Имран курит. Лицо у него, как всегда, непроницаемое. Но что-то новое чудится мне в его молчании. Или это мне просто мерещится? Вообще со мной тоже в последнее время что-то происходит. Я стал обращать внимание на такие вещи, к которым раньше был совершенно равнодушен. Например, старец Али. Месяца три-четыре назад я пропустил бы упоминание о нем мимо ушей. Ну старец и старец, подумаешь. А теперь – нет. Одновременно с этим я почувствовал странное, необъяснимое, противоречивое желание подразнить, оскорбить Имрана. На меня иногда находит – в самые неожиданные моменты.

Неделю назад к нам на заставу приезжал с проверкой и докладом начальник политотдела отряда – полковник Менжинский. После проверки мы всем составом собрались в ленинской комнате послушать, что же происходит сегодня на планете. Менжинский речь свою вел слаженно и гладко, фразы были у него закругленные, весомые и очень убедительные. Слушая его, прямо-таки физически ощущалось, что мы – держава миролюбивая и что действительно единственно возможным выбором народа в наших условиях мог бы быть социализм советского типа. Глядя на его холеное, хорошо выбритое лицо, слушая его красивый, звучный голос, мне вдруг мучительно захотелось наклониться, неторопливо стянуть с ноги сапог, выпрямиться, размахнуться и изо всех сил запустить им в лицо полковника. Без видимой причины совершенно – просто любопытно было узнать, как же он отреагирует на это и что вообще будет потом. Это чувство меня преследовало в течение всей лекции так, что я себя с трудом сдерживал. И вот сейчас… кажется, я все же не совсем нормальный…
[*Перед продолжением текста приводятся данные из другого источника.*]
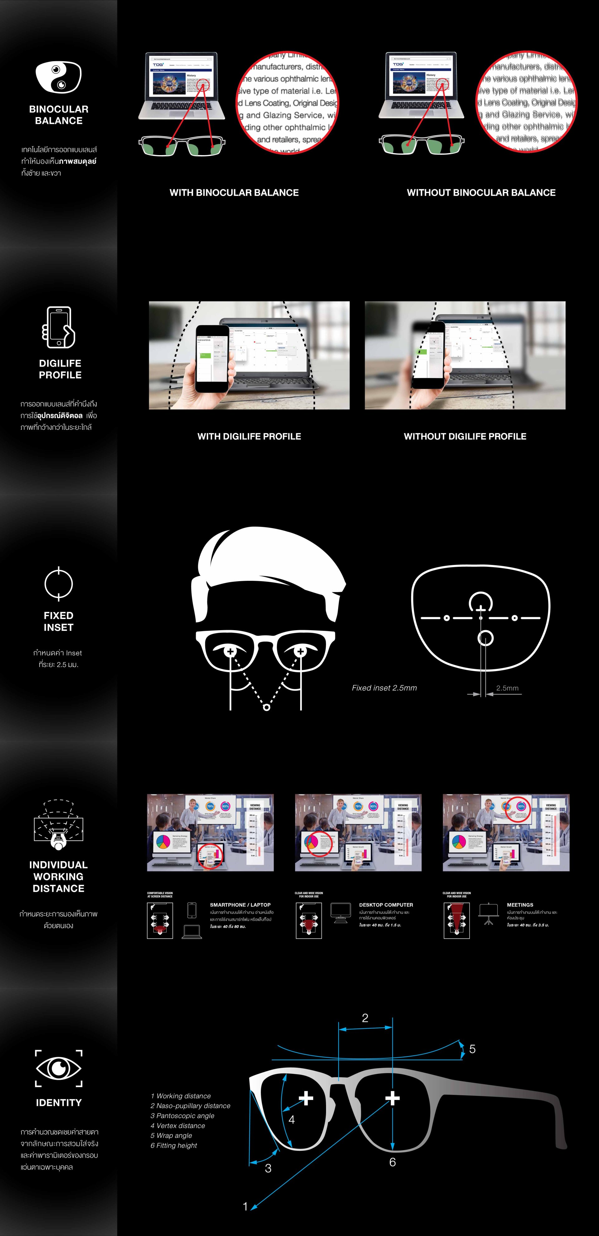 - ให้วิสัยทัศน์ที่ยอดเยี่ยมทั้งระยะไกล-กลาง ที่ออกแบบและชดเชยค่าพารามิเตอร์จากการสวมใส่อย่างแท้จริง
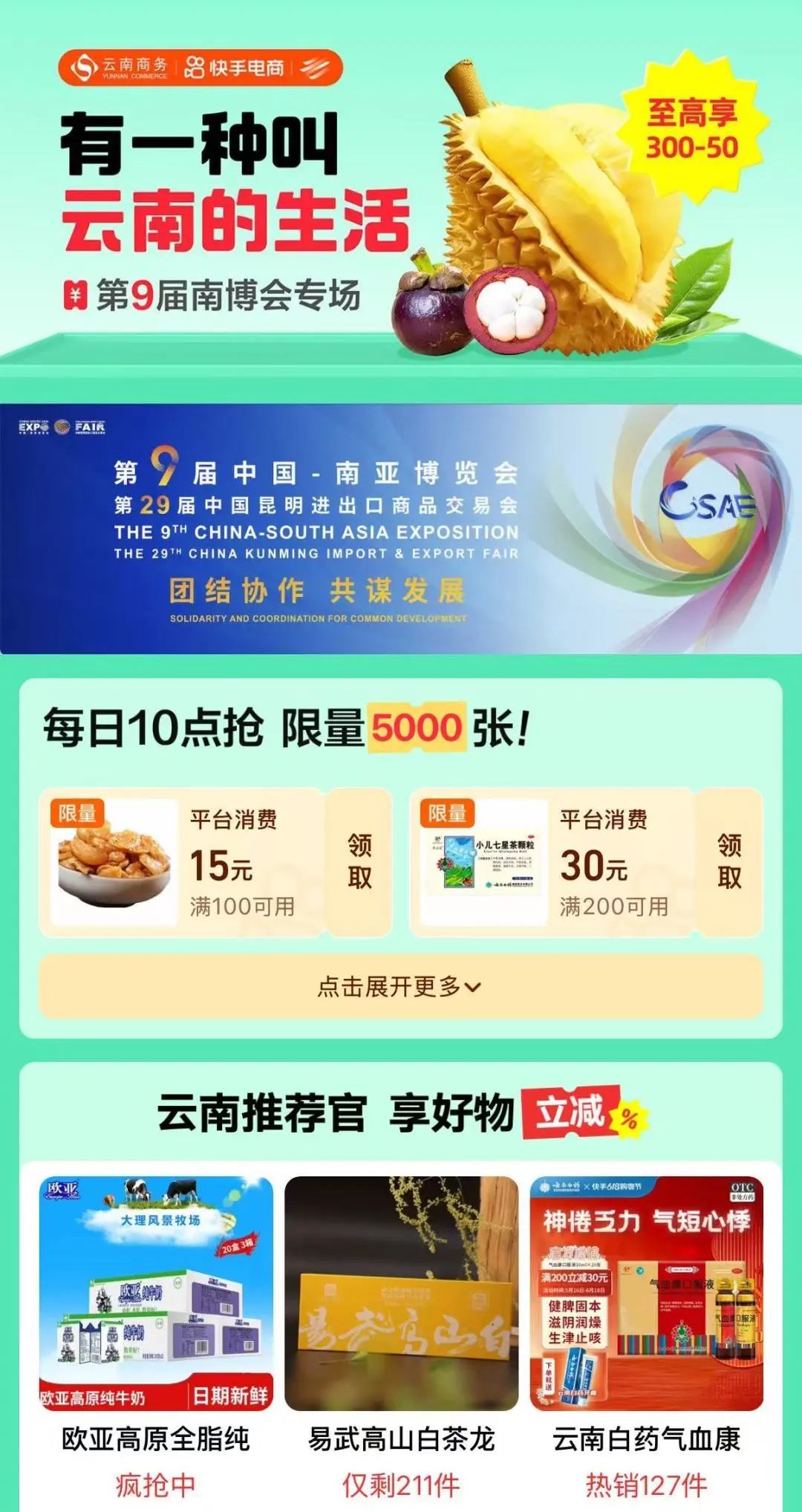 “有一种叫云南的生活·云品网购节”将固定每月19日举办,在淘宝、京东、抖音、快手、拼多多发放彩云电商消费券,集中推出云茶、云花、云咖、云果、云菌等当季最具代表性特色云品爆款,打造云南特色的电商产业带,推动云企卖云品、云品卖全国!

– Послушай, Имран, – спросил я его, – а почему ты думаешь, что он знал именно то, что он знал? И то, что он знал – правда, а не просто труха? Каждый любит святым прикидываться. А копнешь вот поглубже – и наткнешься на гниль. А?

– Что? – удивленно переспросил меня Имран, – ты сказал – труха? Ты сказал – гниль?

– Ну да. Знаешь, бывает такое – человек прикидывается святым, а на самом деле может оказаться аферистом, может даже мерзавцем. – И совсем неожиданно для самого себя я вдруг добавил: – Помню, поймали в восьмидесятом году у нас одного священника, который молоденьких девочек растлевал. Что ты мне на это скажешь?

Некоторое время Имран молча курил. Затем он пристально, не мигая, посмотрел мне в глаза.

– Ты знаешь, Давид, я не думаю, чтобы ты был таким же идиотом или сволочью, как остальные. Я думаю, что ты просто сильно ошибаешься по жизни. Это бывает. Потому я и скажу сейчас тебе кое-что.

– Вот ты сомневаешься в правдивости человека, которого ты ни разу в жизни не видел, в деле, о котором ты не имеешь ни малейшего понятия. Человека, который старше тебя на три поколения и мудрее на десять поколений, – Имран вплотную подошел ко мне, – и сравниваешь его с говнюком в рясе, трахающим малолетних. А скажи мне – что ты знаешь об этой жизни? Ты можешь мне хотя бы в общем обрисовать – что же это такое? А?! – Имран внезапно побледнел, голубые глаза его засверкали. – Что ты знаешь о том, как живет этот мир? Почему в сутках двадцать четыре часа, а не тридцать восемь? Почему человек рождается, как он живет, как подыхает, почему он такой, какой он есть и что за этим всем стоит? И зачем вообще человек приходит в этот вонючий мир? Что такое судьба и почему исполняются предсказания? Что такое душа и с чем ее хавают?! Что такое жизнь и что такое смерть, и куда ты попадешь после нее? Ты конечно, никогда не думал об этом. Тебе и не нужно было об этом думать, потому как тебя с детства все учили совсем другому. И научили. Одно я могу тебе сказать – никогда не пачкай то, о чем не имеешь ни малейшего представления. Ни малейшего, понимаешь?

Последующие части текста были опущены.